Assigned task — Take the material below and extract the lines from the one with "u (($1/1000)):2 with" through the one with "Если с лета", word for word, without pictures.

Listed records —

********************

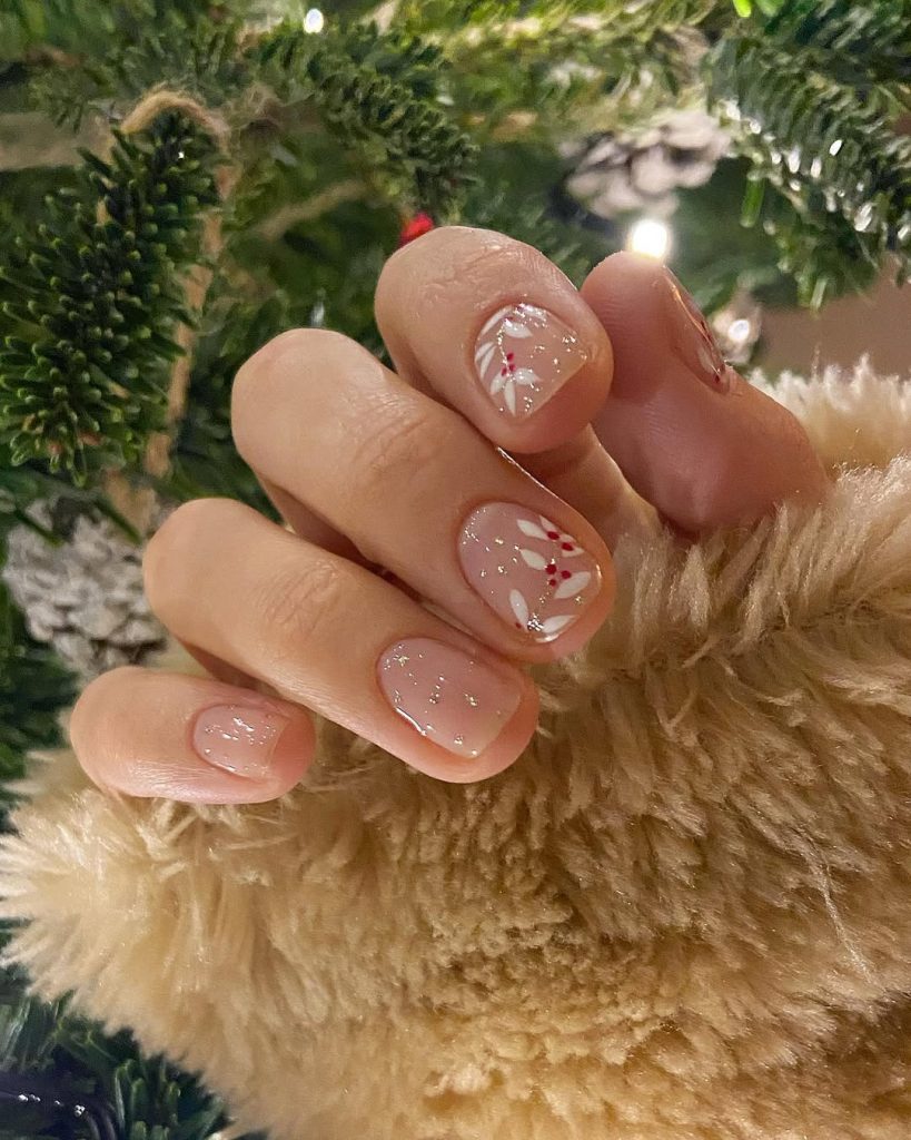 Barely there nude with twinkle dust and a single sprig of holly—white leaves, tiny red berries—fresh rather than fussy. It’s like the manicure equivalent of a cashmere sweater: soft, cozy, quietly polished.
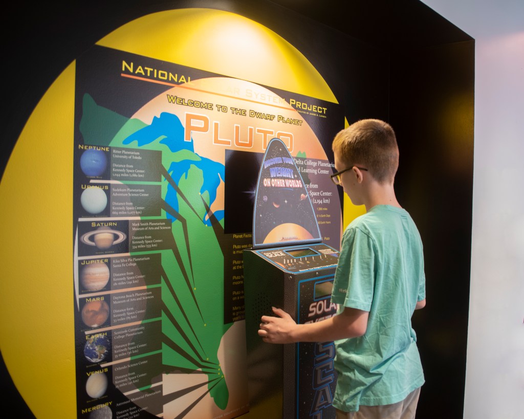 Corbin, at age 12, loves astronomy, so I purchased tickets for a program at the Delta College Planetarium. We arrived a little early and explored the exhibits they had while waiting for the program to start. The program was interesting and designed for kids exploring space, but informative and interesting. The gift area had pencils and pencil toppers in an assortment of designs, so Corbin picked three sets for himself, then selected some for Austin and Alex.
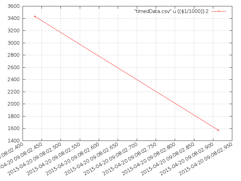 plot "timedData.csv" u (($1/1000)):2 with linespointshttps://stackoverflow.com/questions/29840980
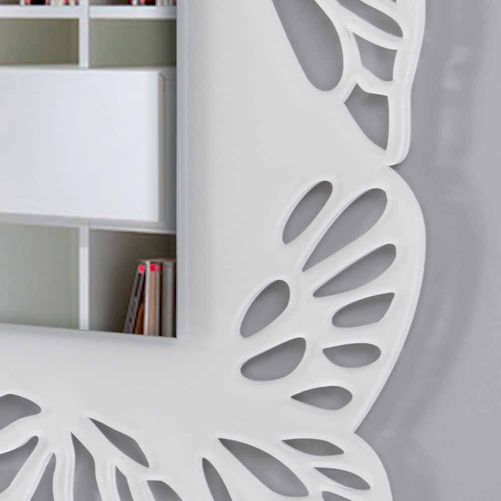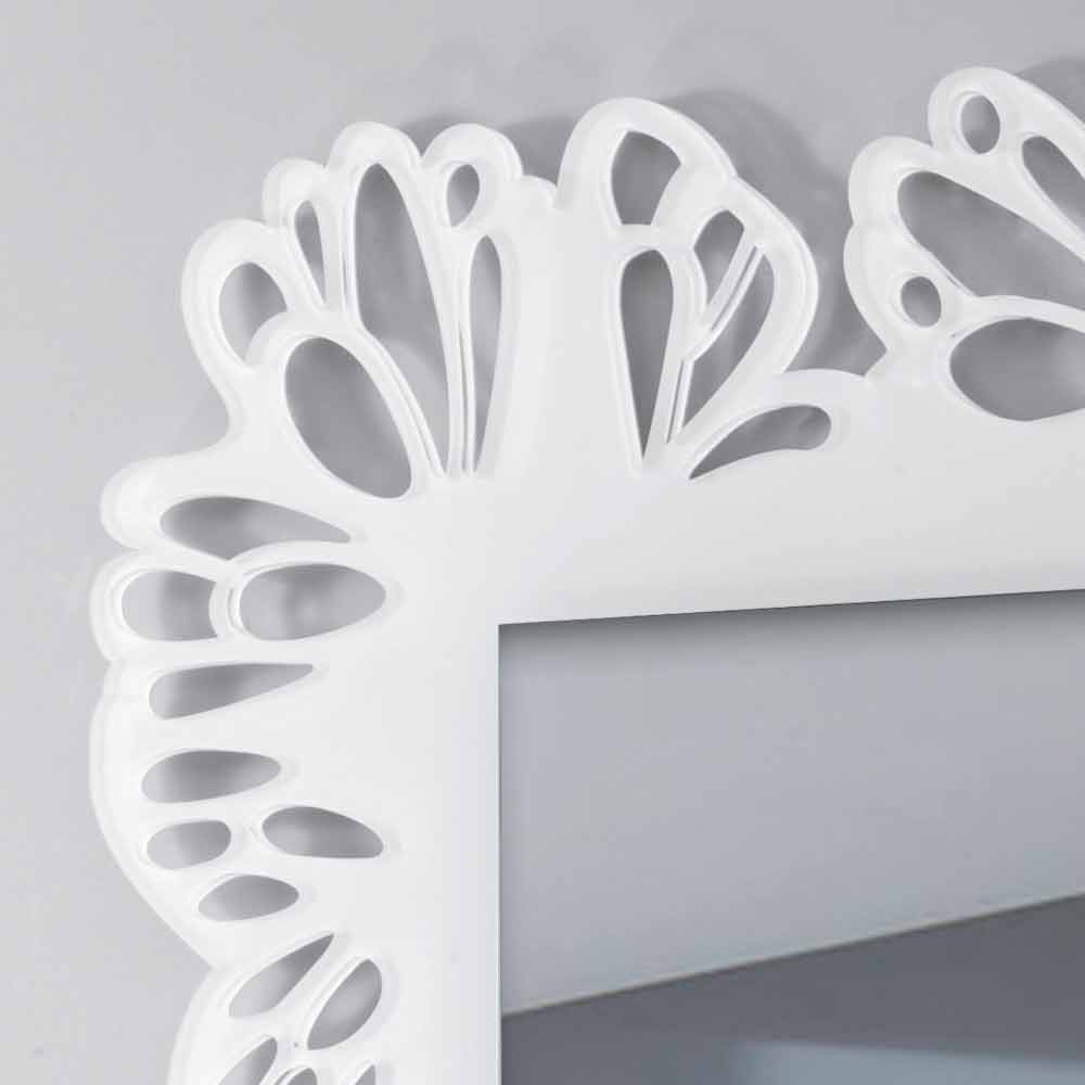 Rechteckiger Wandspiegel mit weiß dekoriertem Rahmen aus modernem Plexiglas aus Italien.
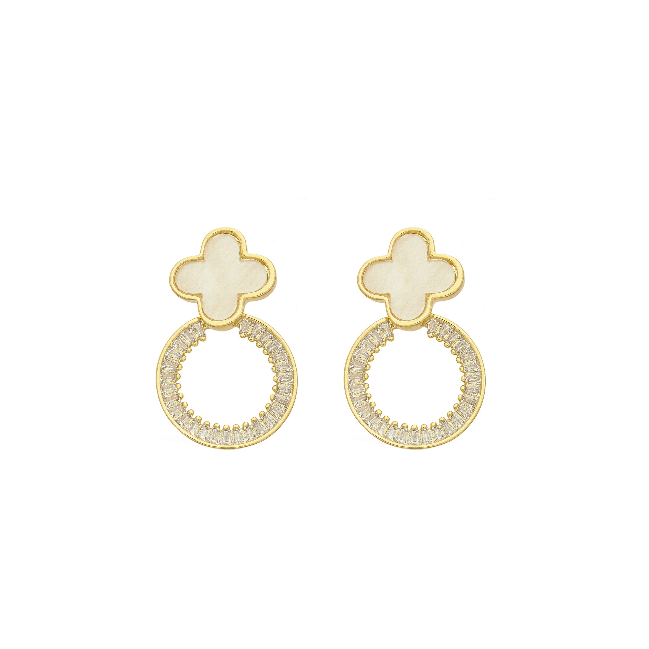 Brinco Trevo em Madrepérola e Detalhe Baguettes Circular em Banho de Ouro 18K
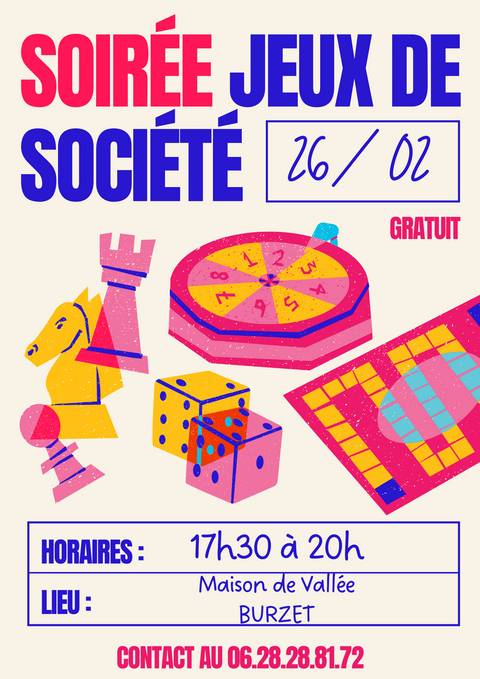 Rendez-vous le jeudi 26 février de 17h30 à 20h à la Maison de Vallée pour la prochaine soirée jeux de société !
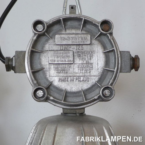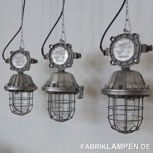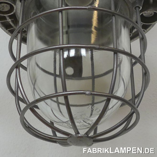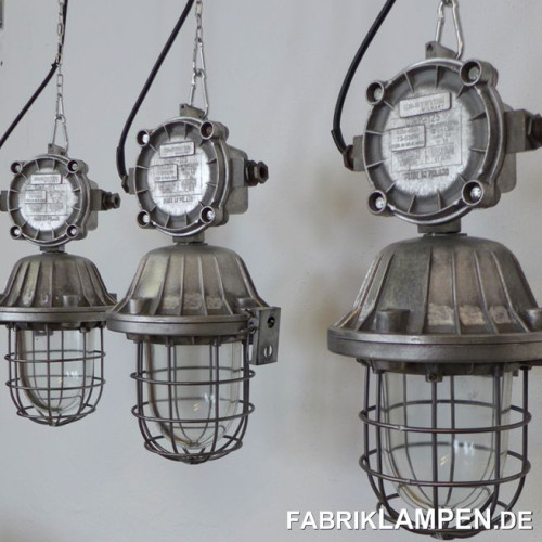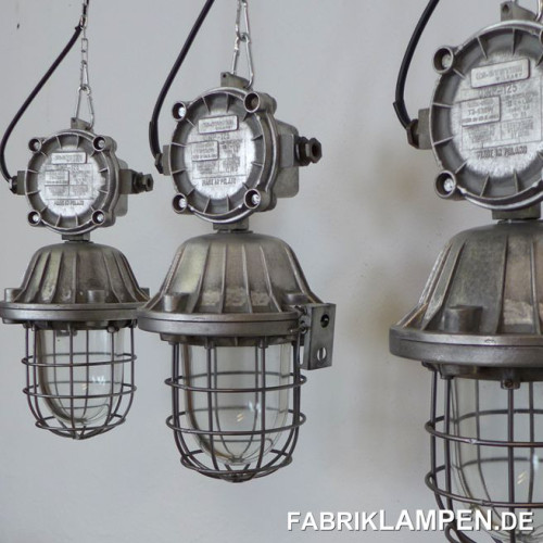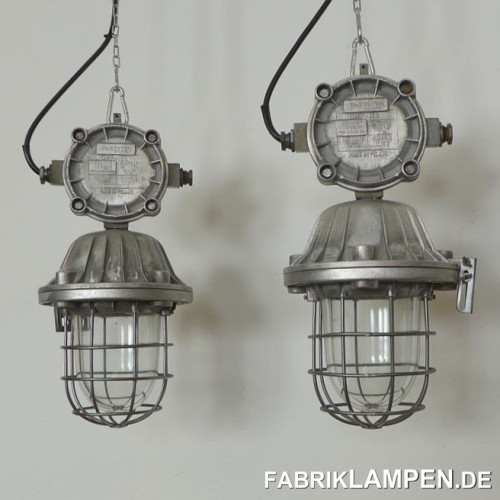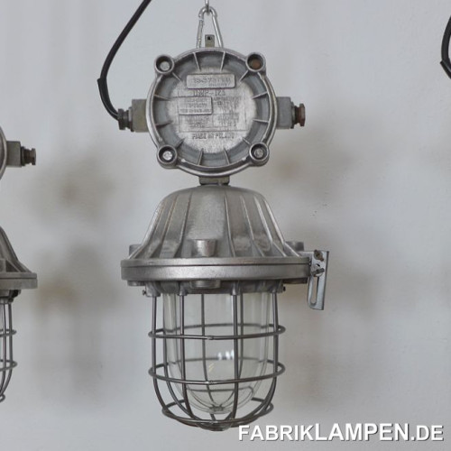Old bunker lamp with distribution box. The lamps are in good condition and have only moderate traces of usage and age. Material: aluminium casing, safety glass and steel grid.
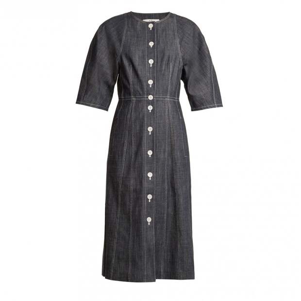 Если с лета остается летящее платье из денима, его можно адаптировать и под осенний гардероб. Под модели без рукавов, например, надеть футболку или водолазку. К расклешенным вариантам любой длины подойдут высокие сапоги (пример можно найти в последне коллекции Vanessa Seward) и пальто прямого фасона или с запахом.
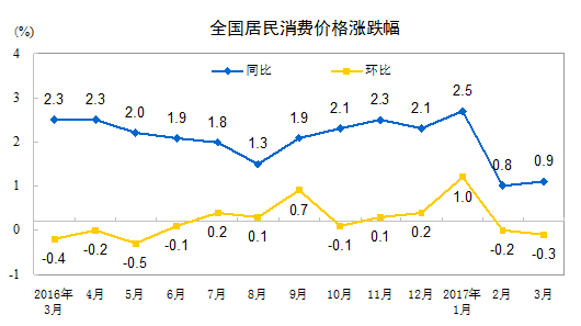 中國經(jīng)濟(jì)網(wǎng)北京4月12日訊 2017 年 3 月份,全國居民消費(fèi)價(jià)格總水平同比上漲 0.9% 。其中,城市上漲 1.0% ,農(nóng)村上漲 0.6% ;食品價(jià)格下降 4.4% ,非食品價(jià)格上漲 2.3% ;消費(fèi)品價(jià)格下降 0.1% ,服務(wù)價(jià)格上漲 2.7% 。一季度,全國居民消費(fèi)價(jià)格總水平比去年同期上漲 1.4% 。
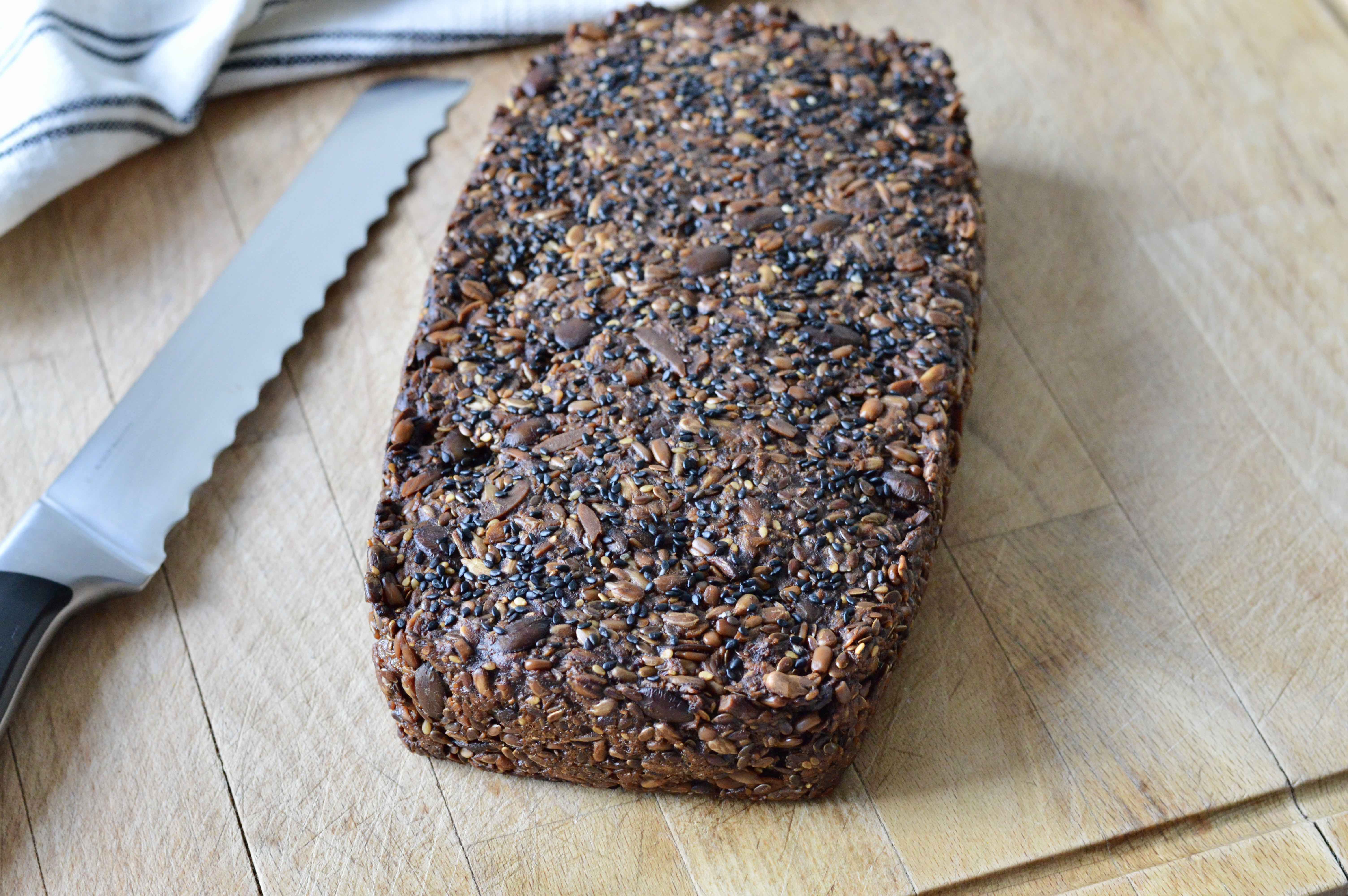 Made without flour or leavening, the dough bakes into a dense loaf that holds perfectly together. Packed with protein, fibre and healthy fats, it is hearty and nutritious.
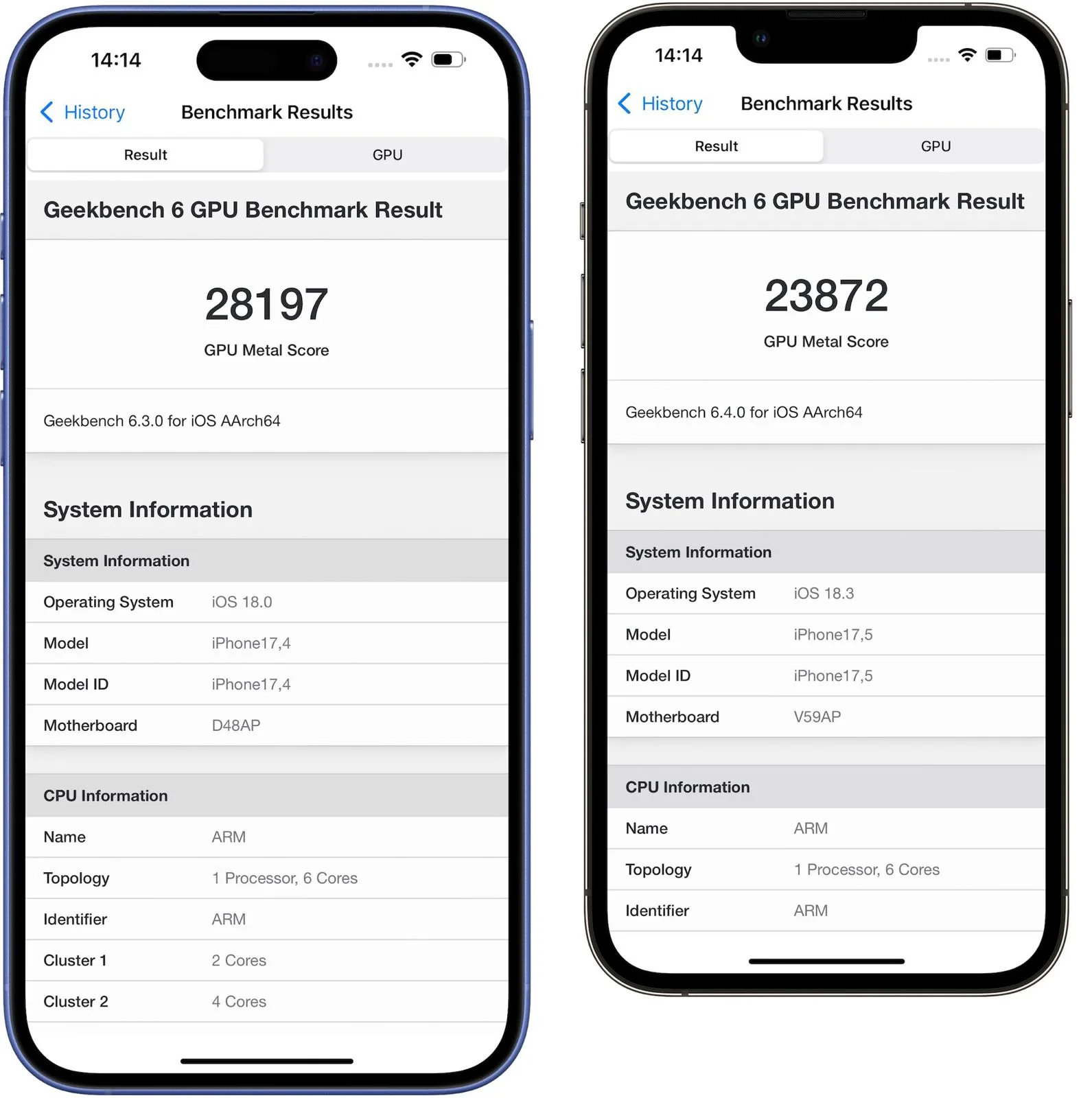 Quando il vecchio modello venne rilasciato, stupiva per per l’aspro contrasto tra l’aspetto obsoleto e il processore A15, il più moderno disponibile allora (Fiat 500 con il motore Tesla, titolammo allora). In iPhone 16e non c’è lo stesso contrasto tra design e CPU, ma il processore oggi come allora è (quasi) il più moderno che si potrebbe pensare: è l’A18 di iPhone 16.

********************

Result of the task —
 plot "timedData.csv" u (($1/1000)):2 with linespointshttps://stackoverflow.com/questions/29840980
 Rechteckiger Wandspiegel mit weiß dekoriertem Rahmen aus modernem Plexiglas aus Italien.
 Brinco Trevo em Madrepérola e Detalhe Baguettes Circular em Banho de Ouro 18K
 Rendez-vous le jeudi 26 février de 17h30 à 20h à la Maison de Vallée pour la prochaine soirée jeux de société !
Old bunker lamp with distribution box. The lamps are in good condition and have only moderate traces of usage and age. Material: aluminium casing, safety glass and steel grid.
 Если с лета остается летящее платье из денима, его можно адаптировать и под осенний гардероб. Под модели без рукавов, например, надеть футболку или водолазку. К расклешенным вариантам любой длины подойдут высокие сапоги (пример можно найти в последне коллекции Vanessa Seward) и пальто прямого фасона или с запахом.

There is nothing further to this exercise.